Full Title: Marginal Wells 101: What Are They, Where Are They, and Why Do We Need to Assess Them?
Author(s): Marissa DeLang, Lauren Schmeisser, Deborah Gordon, Carmela Chaney, and Lottie Mitchell
Publisher(s): Rocky Mountain Institute
Publication Date: April 23, 2025
Full Text: Download Resource
Description (excerpt):
Over half a million oil and gas wells in the United States produced 15 barrels of oil equivalent (BOE) or less daily in 2023 (according to RMI analysis using Enverus and Rextag). These low-producing wells, called marginal wells, comprise three-quarters of all US oil- and gas-producing wells. At most, these wells extract less than 630 gallons a day — enough to fill just eight bathtubs. But most of these wells produce far less than that. Almost half of marginal wells are submarginal wells or “micro producers” that produce one BOE or less per day — not enough to fill one bathtub.

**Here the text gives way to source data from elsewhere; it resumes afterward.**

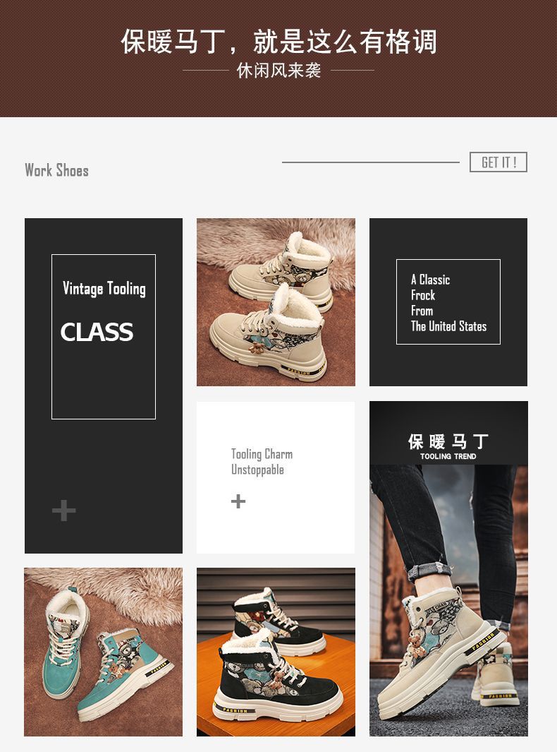 秋のメンズシューズ、ハイカットマーティンブーツ、大型ワークブーツ、スノーブーツ、ミッドカットコットンシューズ、トレンディなメンズブーツ、英国風
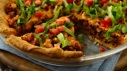 In 10-inch skillet, cook beef over medium heat 8 to 10 minutes, stirring occasionally, until thoroughly cooked; drain. Stir in salsa and taco seasoning mix; simmer 5 minutes. Spoon meat mixture in crust-lined pan; sprinkle with cheese.
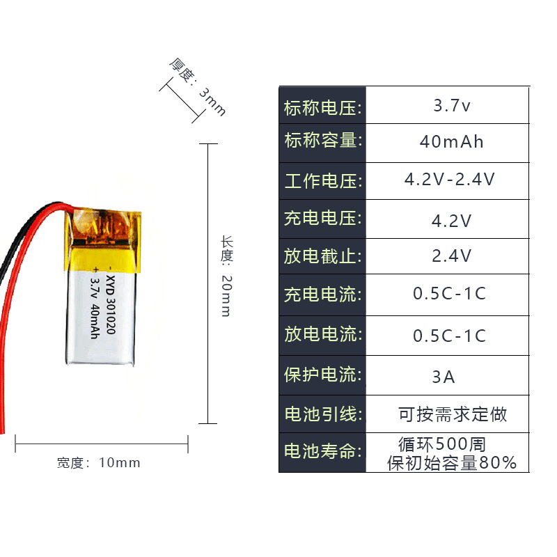 301020 폴리머 리튬 배터리 40mAh 블루투스 헤드셋 LED 보청기 야간 조명 장난감 고온 3.7V스토어 가기
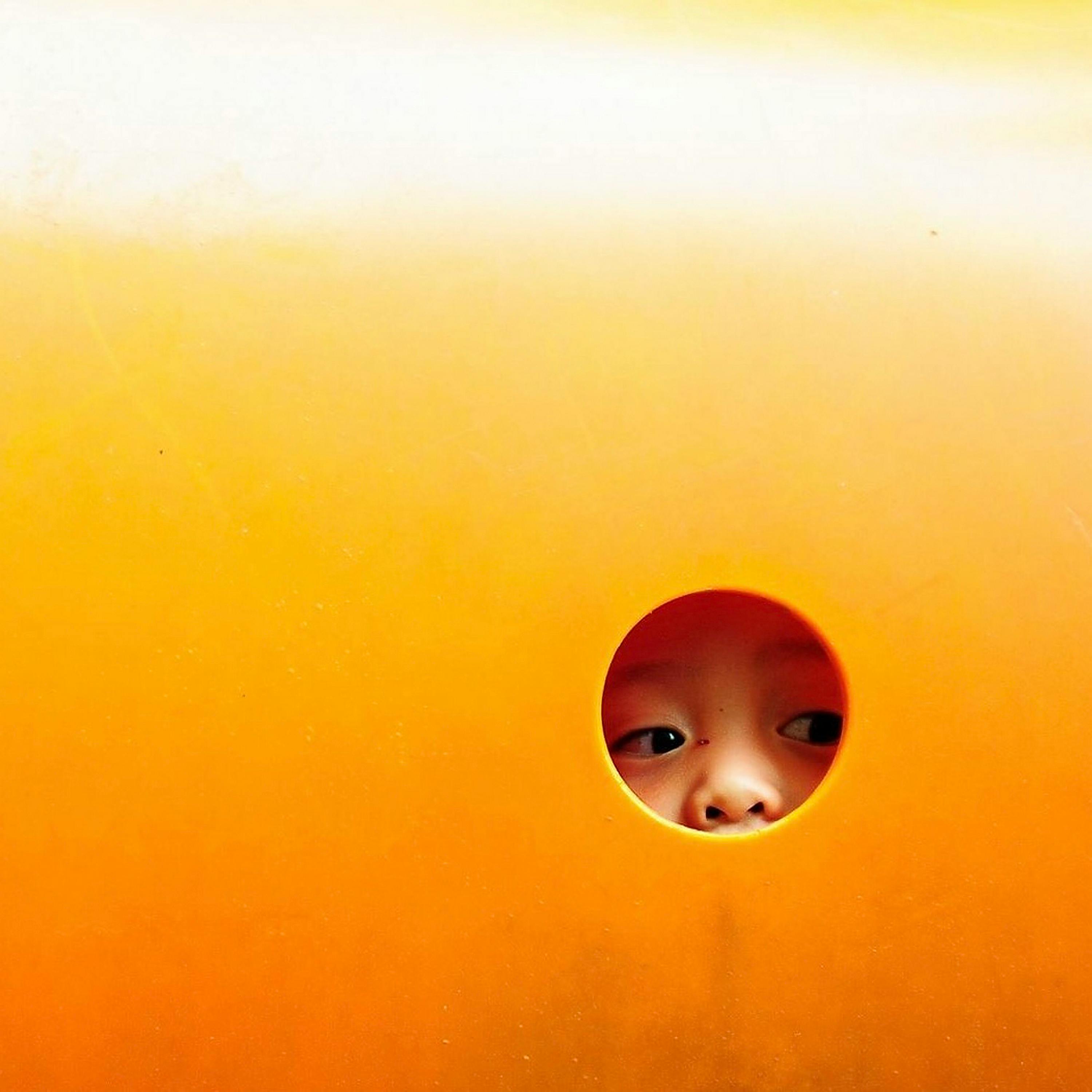 A child peeks through a circular hole in vibrant orange playground equipment.
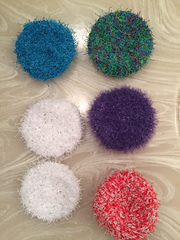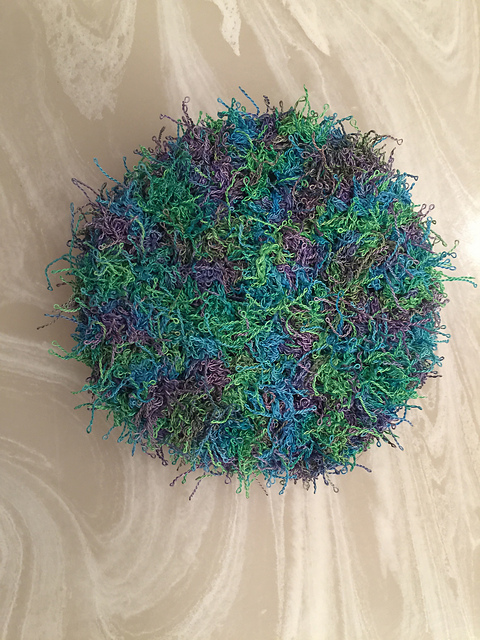 This double ply scrubbie works wonders on baked on, fried on or dried on foods. It works up very quickly, and depending on your preferred scrubbie size, you can get at least five of them from a skein of yarn... even more from the Red Heart Scrubbie Sparkle! It works up a great lather as well!
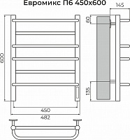 Евромикс П6 450х600 электро КС ЧЕРНЫЙ МУАР ( new встроен диммер) Полотенцесушитель TERMINUS
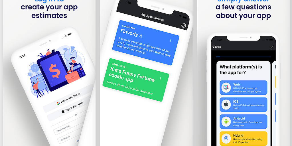 Appstimator is a mobile app that helps you estimate the cost of developing your own app. Select your app's features and Appstimator will provide a detailed cost estimate, taking into account the compl

Marginal wells are often overlooked. While government records generally have their location, volume, owner, and operator, marginal wells are often hidden in plain sight, receiving little attention from communities and regulators. These wells, like all oil and gas systems, are a significant source of methane, which causes fires and explosions, contributes to smog, and heats the planet over 80 times more powerfully than carbon dioxide.
Marginal wells also emit dangerous air toxins and volatile organic compounds (including benzene, toluene, ethylbenzene, xylene, and hydrogen sulfide) that can sicken people by polluting air, water, and land. The effects on surrounding communities can amount to far greater impacts than the marginal economic benefits gained. And nearly one in ten Americans live in a county with over 1,000 marginal wells.
The small production volumes of marginal wells can make their operations highly emissions intensive and wasteful. Given their massive numbers and heightened risk of being abandoned, targeted measurement, greater transparency, and stricter oversight are merited.